Equities started the year with strong performance across style, sector, and country groupings; however, there were some exceptions to these gains and also some signs of potential for performance declines. Bond ETF returns were all negative except for international bonds which gained from the dollar decline. These returns are consistent the fundamental story of strong growth and expected higher inflation. There will be peak and valley in return even with the clear story, but the general direction is still risk-on for equities and avoidance of duration for bonds.
Within our style grouping, there was a fall-off in price relative to the short-term moving average in mid-cap, small caps, and value markets based on declines near the end of the month. Global equities, especially emerging markets, were still the style winner for January.
Performance within sectors was more disperse with strong gains in health, technology, finance, and consumer discretionary sectors. The interest rate sensitive sectors, utilities and real estate, declined similar to bond returns. Trends still suggest utilities and real estate should be avoided.

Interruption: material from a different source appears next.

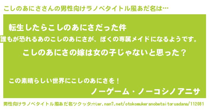 | 女子向けラノベタイトル風あだ名 | 『こしのあにさの卵を拾いまして』 |

Good gains in Italy, Spain, Brazil and Mexico are consistent with the increases in global growth in emerging markets as well as the eurozone. There should be some concern with future returns in Japan and Canada based on short-term moving averages.

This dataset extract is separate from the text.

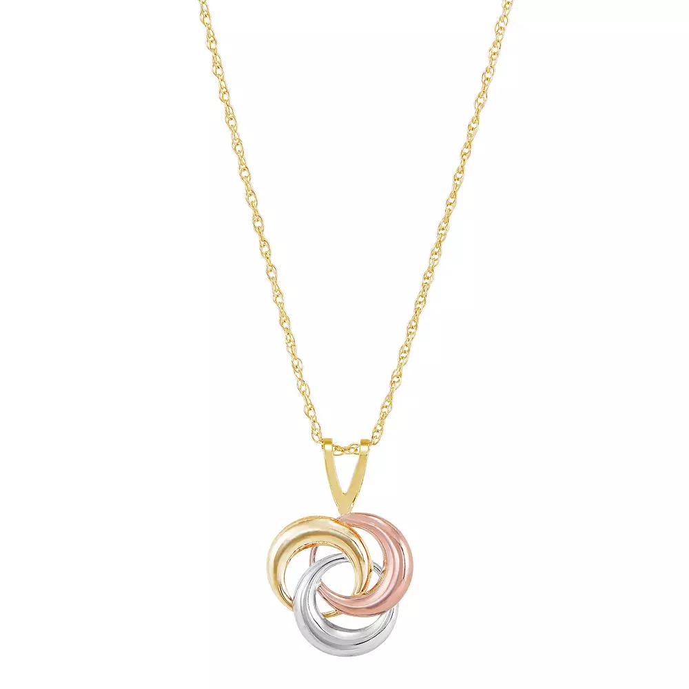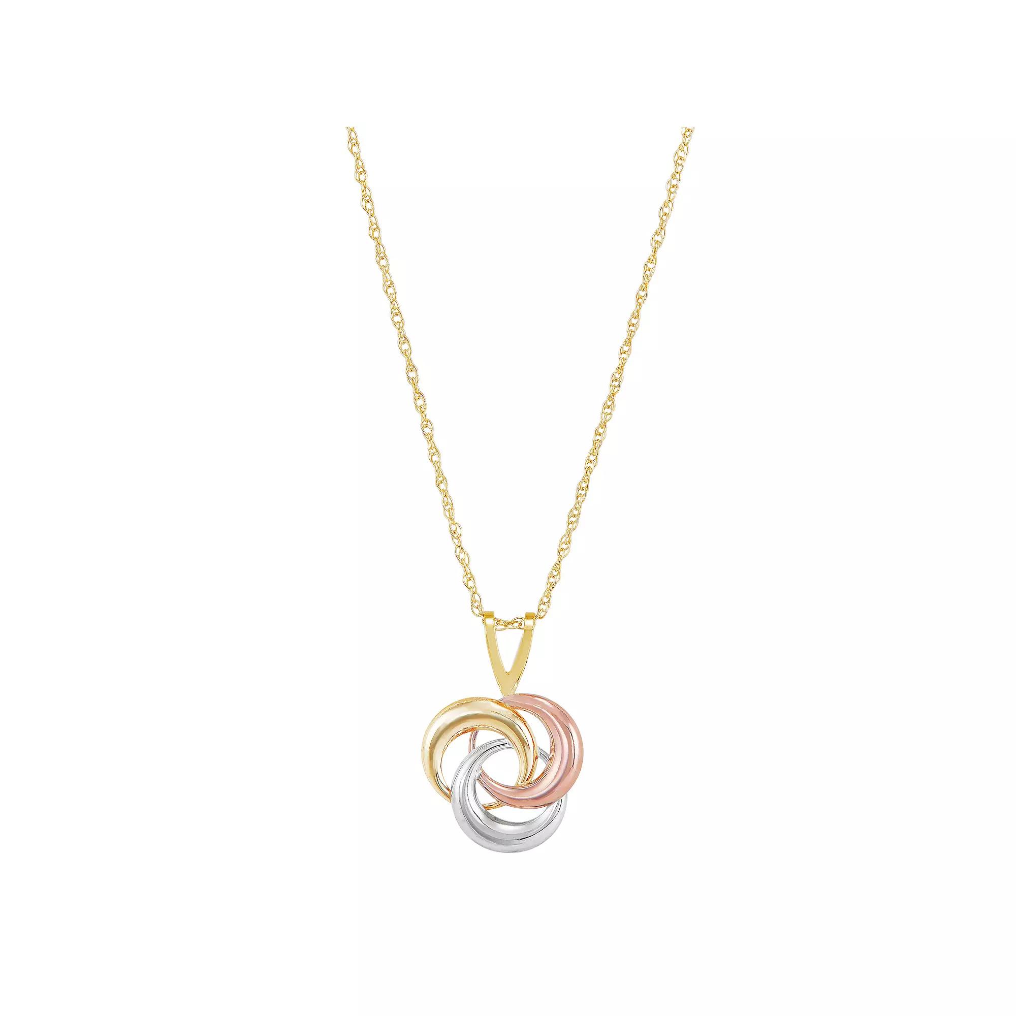 Celebrate love with this Everlasting Gold 10k tri-tone gold love knot drop pendant necklace. Featuring intertwined gold hues, it symbolizes unity and style in one elegant design. Click on this JEWELRY & WATCHES GUIDE to learn about fit, styles, materials and more! Celebrate love with this Everlasting Gold 10k tri-tone gold love knot drop pendant necklace. Featuring intertwined gold hues, it symbolizes unity and style in one elegant design. Click on this JEWELRY & WATCHES GUIDE to learn about fit, styles, materials and more! FEATURES 3/5L x 2/5W Chain length: 18 in. Chain type: lightweight rope Clasp: spring-ring Metal: 10k gold, 10k rose gold, 10k white gold Finish: polished Packaging: boxed Size: 18. Color: 10k Tone. Gender: female. Age Group: adult.

Bond sectors were negative across the board with the only exception being international bonds. The strong global bond performance and the limited losses in emerging markets were associated with the dollar decline. These international bond sectors are often currency return surrogates.
The end of the week saw a sharp sell-off in equities based on the further increase in bond yields. This is a concern especially given the high valuation for many market styles and sectors. Volatility has seen a further spike which suggests there is a growing degree of market uncertainty; however, we are cautious about rebalancing positions on the second day of the month.